Article Preview
Top1. Introduction
The importance of video classification has increased in the last decade due to the ubiquity and exponential growth of crowd-generated videos—more than 80% of the internet traffic will be for video streaming (Cisco, 2017). Demands for classifying videos are elicited by various corporate, government, and educational policies that require identification of harmful videos (e.g., phishing and spam), hate- and crime-promoting content, pornography, and/or cyber bullying, which can be spread through online video streaming platforms. Alternatively, the classification information can be used to promote relative content, generate targeted advertisement, and retain more users (Duverger & Steffes, 2012; Xu, Zhang, et al., 2008).
To classify YouTube videos, machine learning algorithms (e.g. Convolutional Neural Networks (CNN) (Karpathy et al., 2014)) are used to extract key features from the videos’ frames (e.g., (Roach, Mason, & Pawlewski, 2001)), text (e.g., (Brezeale & Cook, 2006)), audio (e.g., (Z. Liu, Wang, & Chen, 1998)), or a combination of these data (e.g., (Qi, Gu, Jiang, Chen, & Zhang, 2000)). This information is used to train the models offline using a set of pre-downloaded videos. After the models are trained, they are used to predict the class of new, unknown videos. However, the drawbacks of these approaches include lengthy training time and high computation complexity, and a priori access to training videos.

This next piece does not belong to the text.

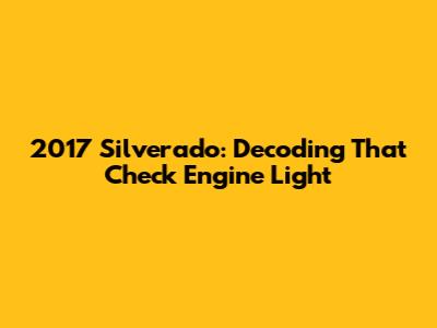 2017 Silverado: Decoding That Check Engine Light

To reduce time and computation complexity, other research targeted key frames and segments (Lu, Drew, & Au, 2001), the video’s texts (Huang, Fu, & Chen, 2010), such as the title, description, and/or comments. However, these approaches can only predict classification of new videos using training on pre-determined features that were available during training time, and they did not consider new, unprecedented classes (e.g., a new online challenge). Furthermore, the exponential growth of the number of video creators on social media—over 1 million YouTube channels (YouTube, 2017) and 8 billion Facebook videos watched per day (Tang et al., 2017), the number of new, subjective video classes will increase beyond what a single model can determine. Furthermore, the subjectivity of the information technology’s (IT) policies deployed at different entities—government agencies, corporate office, and education institution, exacerbate the relativity of the classification information. Since these policies are focused on the entity’s demands, the policies require adaptivity to the contextual environment in which the video is being streamed.
A generic video classification information (sport, news, entertainment, …) must be accompanied with contextual information. Whereas the generic classification information provides valid information, awareness of the contextual environment will impact the IT decision about these videos. For instance, a video that was classified into commercial advertisement, as a result of pre-trained classification model, could be also classified as an online challenge based on recent events in the online and social media. Since the recent events, and possibly the category itself, were unavailable during the module training period, the trained module would fail to predict the online challenge as a category of the video. If the recent events, contextual information, is obtained as part of a classification framework, the IT policies can provide more accurate decisions.